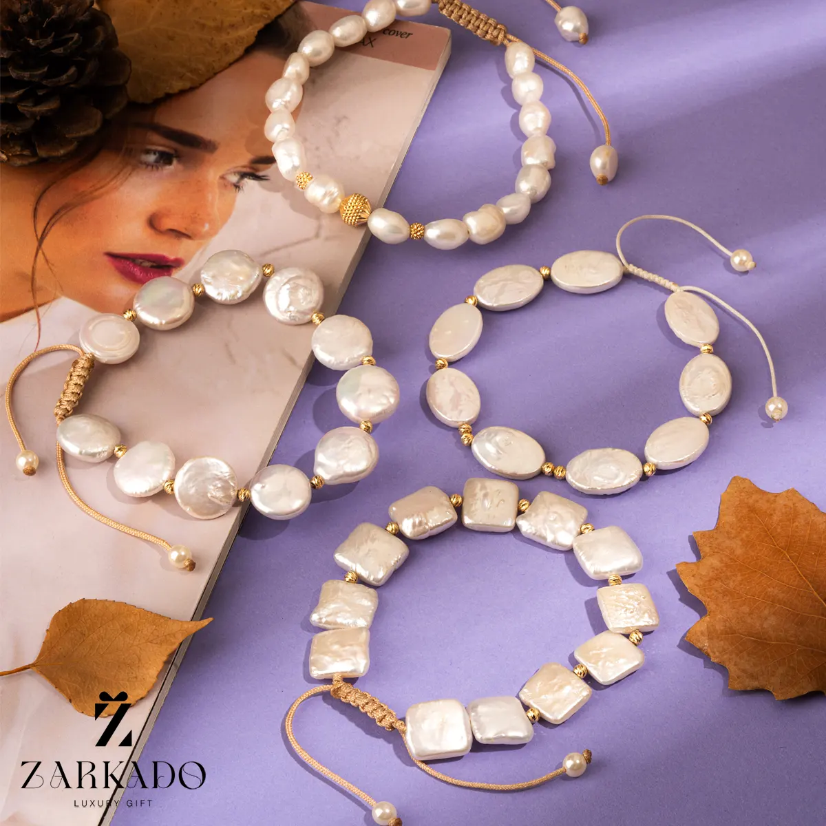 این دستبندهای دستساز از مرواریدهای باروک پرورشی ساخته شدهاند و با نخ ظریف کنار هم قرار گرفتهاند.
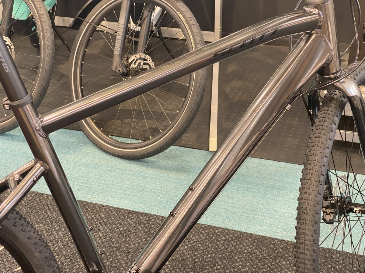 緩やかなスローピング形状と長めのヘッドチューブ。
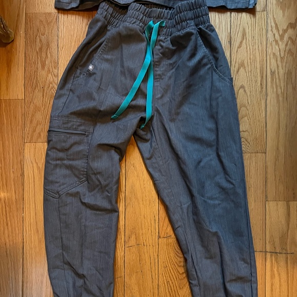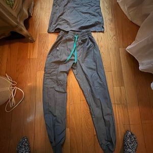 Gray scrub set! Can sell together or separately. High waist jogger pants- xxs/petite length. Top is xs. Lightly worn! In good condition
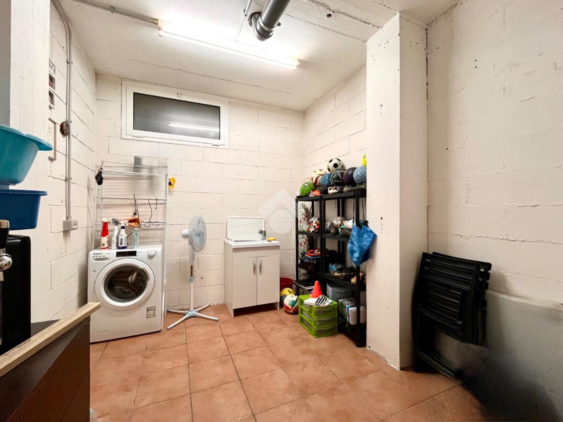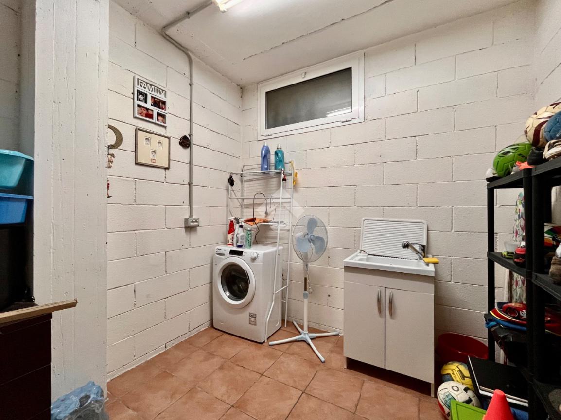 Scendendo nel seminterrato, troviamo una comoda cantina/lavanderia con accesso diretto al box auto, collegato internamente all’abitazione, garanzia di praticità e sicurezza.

● ● ● ● ● ● ●

Would you transcribe the whole listing above exactly? The pictures should not be included.

PROBLEM SOLUTION
 این دستبندهای دستساز از مرواریدهای باروک پرورشی ساخته شدهاند و با نخ ظریف کنار هم قرار گرفتهاند.
 緩やかなスローピング形状と長めのヘッドチューブ。
 Gray scrub set! Can sell together or separately. High waist jogger pants- xxs/petite length. Top is xs. Lightly worn! In good condition
 Scendendo nel seminterrato, troviamo una comoda cantina/lavanderia con accesso diretto al box auto, collegato internamente all’abitazione, garanzia di praticità e sicurezza.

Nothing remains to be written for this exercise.